The first firm warning that Hitler had an overall plan of extermination came in August 1942 from Gerhart Riegner of the World Jewish Congress in Geneva. With access to intelligence from German sources in central Europe, Riegner concluded that ‘a plan has been discussed, and is under consideration, according to which all Jews in countries occupied or controlled by Germany, numbering three and a half to four millions, should, after deportation and concentration in the East, be at one blow exterminated, in order to resolve once and for all the Jewish question in Europe. Action is reported to be planned for the autumn. Ways of execution are still being discussed including the use of prussic acid. We transmit this information with all necessary reservation, as exactitude cannot be confirmed by us.’31
When the leaders of the World Jewish Congress in New York received this news, they did not ‘doubt that the information is at least substantially correct’ but were concerned that publishing the information might ‘have a demoralizing effect on those who are marked as hopeless victims’. As a consequence, they sought ‘the best advice possible’ about what to do.32 Riegner’s telegram reached the British government by the middle of August and the American government shortly afterwards. To begin with, there was disbelief. It took the best part of four months for the Allies to accept that the news was undoubtedly true, and to make a concerted statement to the world about the Nazis’ actions. Only after they had received information from other sources – including an eyewitness account of the Warsaw ghetto – did they commit to condemning the crime in a concerted way.33
On 17 December 1942 the British, Americans and Soviets all issued statements expressing outrage at the Nazis’ murderous attack on the Jews. In the House of Commons, Anthony Eden, the British Foreign Secretary, drew attention to ‘numerous reports from Europe that the German authorities, not content with denying to persons of Jewish race in all the territories over which their barbarous rule has been extended the most elementary human rights, are now carrying into effect Hitler’s oft repeated intention to exterminate the Jewish people in Europe.
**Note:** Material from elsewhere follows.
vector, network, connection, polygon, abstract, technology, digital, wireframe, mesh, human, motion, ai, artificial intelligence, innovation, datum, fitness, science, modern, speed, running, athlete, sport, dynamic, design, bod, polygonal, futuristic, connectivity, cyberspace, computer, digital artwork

From all the occupied countries Jews are being transported in conditions of appalling horror and brutality, to Eastern Europe … None of those taken away are ever heard of again.’ Eden said that the Allies ‘condemn in the strongest possible terms this bestial policy of cold-blooded extermination’ and that they would ‘ensure that those responsible for these crimes shall not escape retribution …’34
Months before Anthony Eden stood up in the House of Commons and revealed what was known about the Nazis’ plans, Gerhart Riegner and his colleagues had personally brought intelligence about the destruction of the Jews to the papal nuncio in Switzerland, Monsignor Philippe Bernardini. ‘We said, please ask the Vatican to intervene,’ says Riegner, ‘to preserve, at least in those countries [where it was still possible], what could still be preserved of the Jewish community.’35 He remembers that the reply from the Vatican was ‘wishy-washy’ and that ‘the attempt to involve the Vatican was a failure.’ Pope Pius XII still refused publicly to condemn the extermination of the Jews – though in his Christmas message of 1942 he did speak of those ‘who through no fault of their own and sometimes only on grounds of nationality or race, are destined for death or slow deterioration’.36 But he was not prepared to say the word ‘Jews’.
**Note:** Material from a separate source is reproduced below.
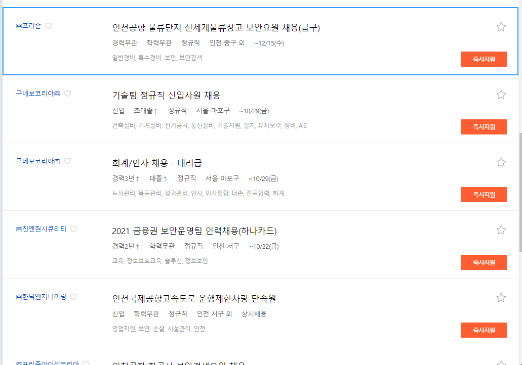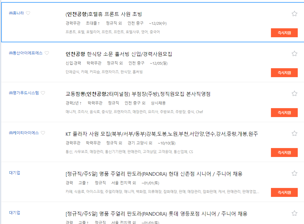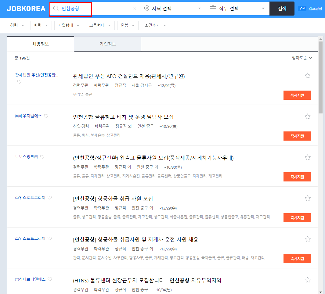 따라서, 잡코리아 메인화면이 뜨면, '인천공항'이라고 검색하시면, 아래와 같은 일자리 결과를 찾아볼 수 있습니다.

Those who seek to defend the inaction of Pope Pius XII often point to events in the Netherlands in the summer of 1942 as one of the key reasons for his silence. When the Nazis had learnt that Archbishop Johannes de Jong of Utrecht planned to condemn the deportation of the Jews, they warned him that if he did so they would also deport Jews in the Netherlands who had converted to Christianity. Archbishop de Jong stood firm in the face of this blackmail, and on 20 July 1942 his pastoral letter was read from pulpits across the country. The letter referred directly to the ‘persecution of the Jews’ and included the words of a telegram that had been sent to the ‘authorities of the occupying forces’ nine days before, which said that ‘The undersigned Dutch churches’ were ‘already deeply shocked by the actions taken against the Jews in the Netherlands that have excluded them from participating in the normal life of society’, and had now ‘learned with horror of the new measures by which men, women, children, and whole families will be deported to the German territory and its dependencies’. This action was ‘contrary to the deepest moral sense of the Dutch people’, and so the churches urged the Germans ‘not to execute these measures’.37
Not surprisingly, the ‘occupying authorities’ ignored the churches’ plea that they should act with common humanity towards the Dutch Jews. Not only that, the Nazis carried out their threat to deport Jews in the Netherlands who had converted to Christianity. No exact figures exist for how many were sent east as a result – it might have been several hundred,38 though it could have been no higher than ninety-two.39 Whatever the precise figure, it is argued that a number of people lost their lives as a consequence of Archbishop de Jong’s decision to have his letter of protest read in Dutch churches. This was a key reason, it is said, why Pope Pius XII kept quiet. ‘The persecution of the Jews in Holland had an enormous effect on the line that Pius XII subsequently took,’ says Archbishop Emanuele Clarizio, who worked in the Vatican during the war. ‘That’s obvious.’ Moreover, says Archbishop Gennaro Verolino, who was a papal diplomat at the time, the Pope ‘tried everything that he could. And if sometimes it seems he didn’t go all the way, it’s because he was afraid of making the situation worse. That his actions would be misinterpreted and lead to worse reprisals.’40
At first sight this appears a powerful justification – it was necessary to keep silent or there might have been more deaths. But it is crucial to remember that Archbishop de Jong was not responsible for the death of the Jewish converts – the Nazis were. They chose to kill them, not him. What Archbishop de Jong must surely have understood was that once you ignored your own feelings about what was right and wrong, your feet rested on quicksand. In any case, who was to say that the Nazis would ever have kept their promise not to deport the Dutch converts even if Archbishop de Jong had kept quiet?41 More than that, suppose the Nazis had said they would kill an innocent child every day unless Archbishop de Jong publicly renounced his entire faith? Would he then be worthy of condemnation if he had decided to stay true to his beliefs?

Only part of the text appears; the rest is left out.